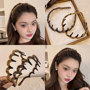 甜酷豹纹带齿波浪发箍女秋发根蓬松神器洗脸压发防滑头箍发卡头饰
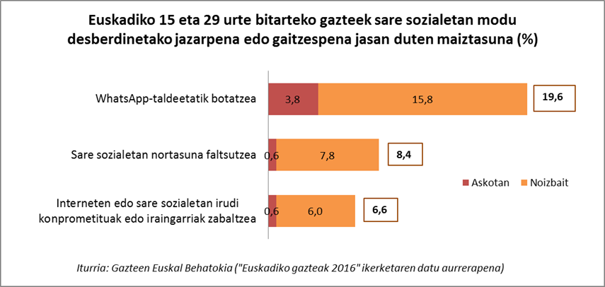 - Iazko urtean, gazteen heren batek baino gehiagok baliatu zituen sare sozialak eztabaidak edo salaketak sustatzeko edo zabaltzeko
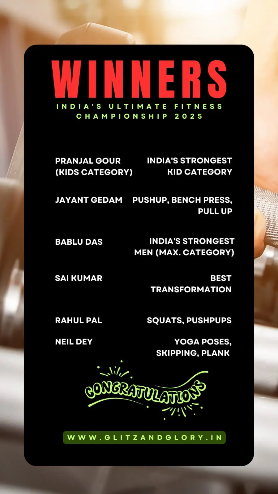 Here we brought to you the results of the Talent Hunt Contest title "INDIA'S ULTIMATE FITNESS CHAMPIONSHIP 2025".
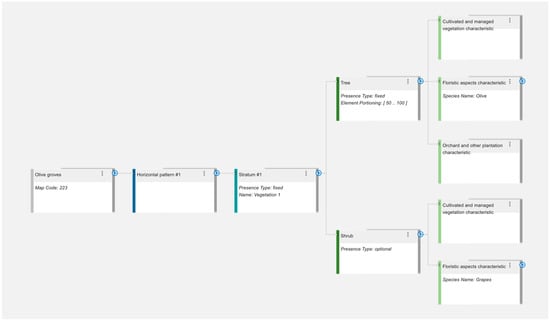 It is noted that in the same area, other vines, fruit trees, or other crops can be present; provided that more than 50% of the area is occupied by olives, we can still consider it an “olive grove”. LCML does not provide a fixed number of classes, nor predefined classes. Instead, it provides building blocks, mostly in the form of physiognomic basic elements, such as “trees”, “shrubs”, and “herbs”, along with other kind of blocks, representing additional information. This way, an unlimited number of classes can be obtained. Additional properties and characteristics per block can also be added as required. Considering the setup, the representation of olive groves in LCML can be directly derived from interpreting the guidelines in Table 3.
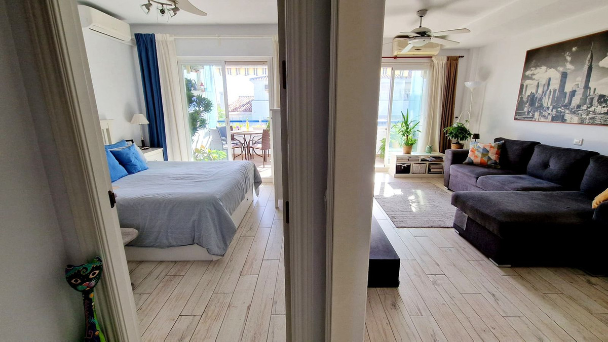 Beautifully renovated one-bedroom apartment for sale in lower Los Pacos, within walking distance to shops, restaurants, and public transport. This bright and sunny home features a spacious terrace with glass curtains and lovely sea views — perfect for year-round enjoyment.
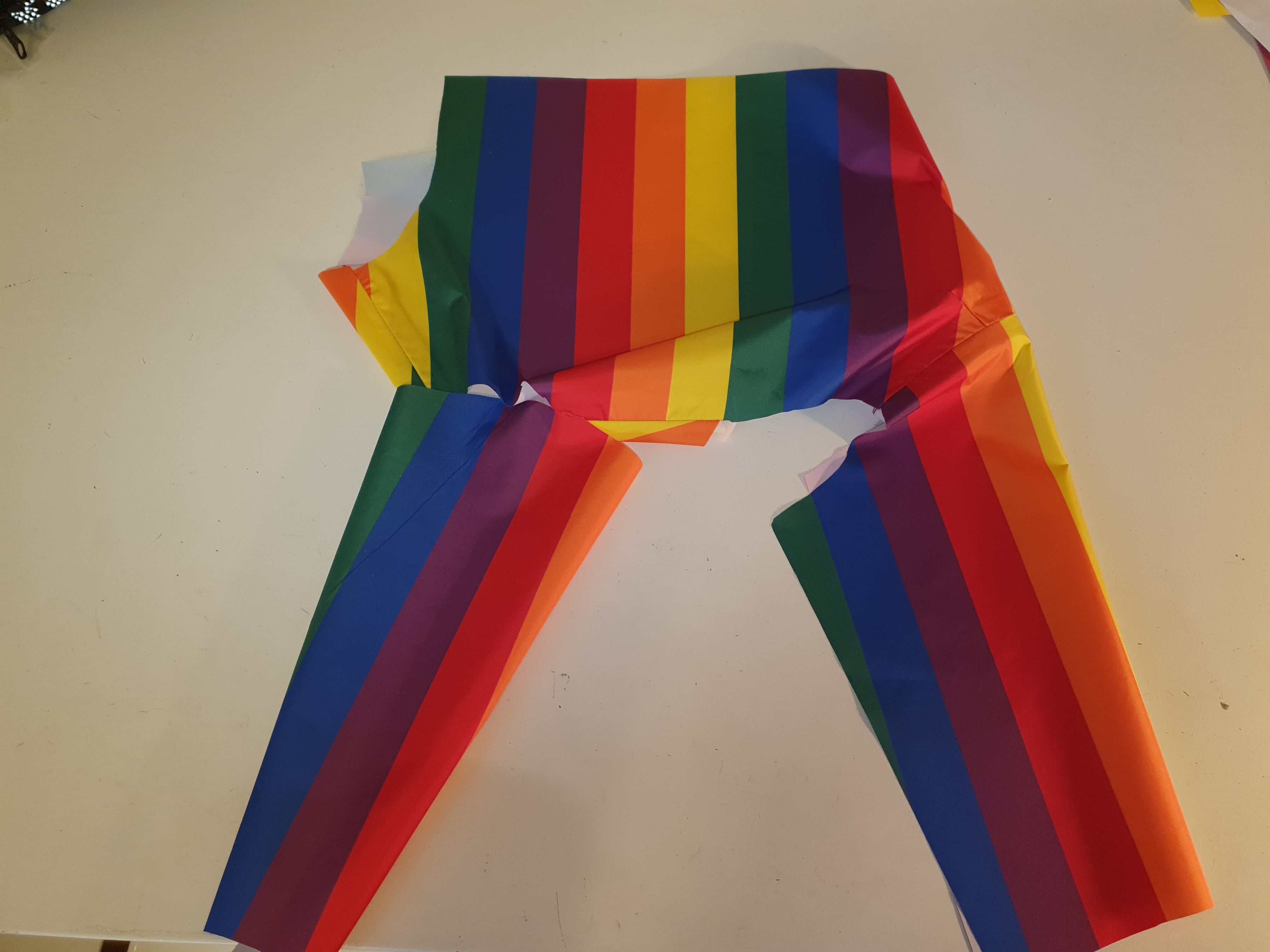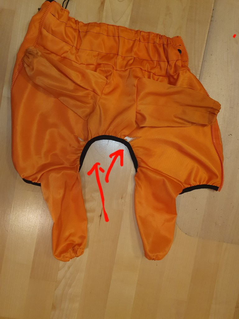 Jag har faktiskt precis börjat på en ny regnoverall till honom, i regntyg, men det vete sjutton om jag syr färdigt den. Efter den fartfyllda promenaden då overallen sprack bestämde jag mig för att klippa om själva kroppen och göra den 2 cm längre för mer rörelsevidd. Tur att jag beställt mycket tyg! Försökte mönsterpassa – gick sådär. Strök på speciell tejp över sömmarna för att göra dem vattentäta – gick väl bra på bakbenet men hur i hela friden ska det gå till där fram där man ska sy ihop benet först och sen sy fast det lilla benet på overallen. Den senare sömmen begriper jag inte hur jag ska kunna stryka tejp på? Verkar jättekrångligt! Nu har jag dessutom hittat en firma som säljer regnoveraller med olika benlängd (det var ju för att benen i hans första köpta overall var för korta som jag började försöka sy en overall själv) så just nu är motivationen att sy overallen färdig lika låg som Fendis var imorse när han skulle på morgonpromenad.

*What you will do*
Each record should be given again exactly, with no picture carried over.

*Answer section*
 甜酷豹纹带齿波浪发箍女秋发根蓬松神器洗脸压发防滑头箍发卡头饰
 - Iazko urtean, gazteen heren batek baino gehiagok baliatu zituen sare sozialak eztabaidak edo salaketak sustatzeko edo zabaltzeko
 Here we brought to you the results of the Talent Hunt Contest title "INDIA'S ULTIMATE FITNESS CHAMPIONSHIP 2025".
 It is noted that in the same area, other vines, fruit trees, or other crops can be present; provided that more than 50% of the area is occupied by olives, we can still consider it an “olive grove”. LCML does not provide a fixed number of classes, nor predefined classes. Instead, it provides building blocks, mostly in the form of physiognomic basic elements, such as “trees”, “shrubs”, and “herbs”, along with other kind of blocks, representing additional information. This way, an unlimited number of classes can be obtained. Additional properties and characteristics per block can also be added as required. Considering the setup, the representation of olive groves in LCML can be directly derived from interpreting the guidelines in Table 3.
 Beautifully renovated one-bedroom apartment for sale in lower Los Pacos, within walking distance to shops, restaurants, and public transport. This bright and sunny home features a spacious terrace with glass curtains and lovely sea views — perfect for year-round enjoyment.
 Jag har faktiskt precis börjat på en ny regnoverall till honom, i regntyg, men det vete sjutton om jag syr färdigt den. Efter den fartfyllda promenaden då overallen sprack bestämde jag mig för att klippa om själva kroppen och göra den 2 cm längre för mer rörelsevidd. Tur att jag beställt mycket tyg! Försökte mönsterpassa – gick sådär. Strök på speciell tejp över sömmarna för att göra dem vattentäta – gick väl bra på bakbenet men hur i hela friden ska det gå till där fram där man ska sy ihop benet först och sen sy fast det lilla benet på overallen. Den senare sömmen begriper jag inte hur jag ska kunna stryka tejp på? Verkar jättekrångligt! Nu har jag dessutom hittat en firma som säljer regnoveraller med olika benlängd (det var ju för att benen i hans första köpta overall var för korta som jag började försöka sy en overall själv) så just nu är motivationen att sy overallen färdig lika låg som Fendis var imorse när han skulle på morgonpromenad.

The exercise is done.